Descended from the Bourne Shell, Bash is a GNU product, the "Bourne Again SHell." It's the standard command line interface on most Linux machines. It excels at interactivity, supporting command line editing, completion, and recall. It also supports configurable prompts - most people realize this, but don't know how much can be done.
Apache Hadoop?
The Apache™ Hadoop® project develops open-source software for reliable, scalable, distributed computing.
The Apache Hadoop software library is a framework that allows for the distributed processing of large data sets across clusters of computers using simple programming models. It is designed to scale up from single servers to thousands of machines, each offering local computation and storage.

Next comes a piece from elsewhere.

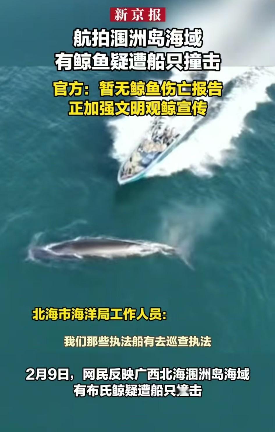 布氏鲸“刀疤哥”被渔船撞到,官方说暂无鲸鱼伤亡报告。 根据有关规定,渔船或其他船舶进入涠洲岛鲸鱼活动点300米范围内,船只必须开始减速,航速不得超过约9.2㎞/h,严禁船舶主动驶入鲸鱼100米范围内。 鲸鱼被撞,一是会给它们带来致命伤害,而这种伤害不一定马上显现出来,或重伤鲸鱼沉入海底发现不了。 二是鲸鱼也是有智商的,多只同类在同一区域被撞,其他鲸鱼以后恐再也不来涠洲岛,到时候怎么还能再靠观鲸带来过亿的旅游年收益呢?! 可怜的“刀疤哥”,愿你无恙!

Rather than rely on hardware to deliver high-availability, the library itself is designed to detect and handle failures at the application layer, so delivering a highly-available service on top of a cluster of computers, each of which may be prone to failures.

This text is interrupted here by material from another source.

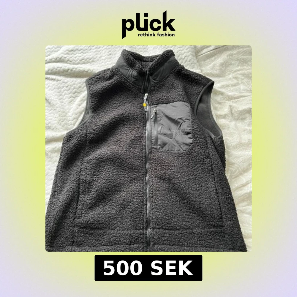 Säljer en svart fleeceväst med hög krage och hel dragkedja framtill. Västen har en praktisk bröstficka i syntetmaterial med dragkedja. Perfekt för lager-på-lager under kyliga dagar. Priset är inte hugget i sten!

The Apache Hadoop software library is a framework that allows for the distributed processing of large data sets across clusters of computers using simple programming models. It is designed to scale up from single servers to thousands of machines, each offering local computation and storage. Rather than rely on hardware to deliver high-availability, the library itself is designed to detect and handle failures at the application layer, so delivering a highly-available service on top of a cluster of computers, each of which may be prone to failures.
The project includes these modules:
- Hadoop Common: The common utilities that support the other Hadoop modules.
- Hadoop Distributed File System (HDFS™): A distributed file system that provides high-throughput access to application data.
- Hadoop YARN: A framework for job scheduling and cluster resource management.
- Hadoop MapReduce: A YARN-based system for parallel processing of large data sets.
Write Script File
To write script for installation open new file named install_hadoop.sh and put following content in it.
#!/bin/bash
# Script to install Sun Java and Hadoop 2.6
clear
# This command is used to tell shell, turn installation mode to non interactive
# and set auto selection of agreement for Sun Java
export DEBIAN_FRONTEND=noninteractive
echo debconf shared/accepted-oracle-license-v1-1 select true | sudo debconf-set-selections
echo debconf shared/accepted-oracle-license-v1-1 seen true | sudo debconf-set-selections
echo "Bash Script for Installing Sun Java for Ubuntu!"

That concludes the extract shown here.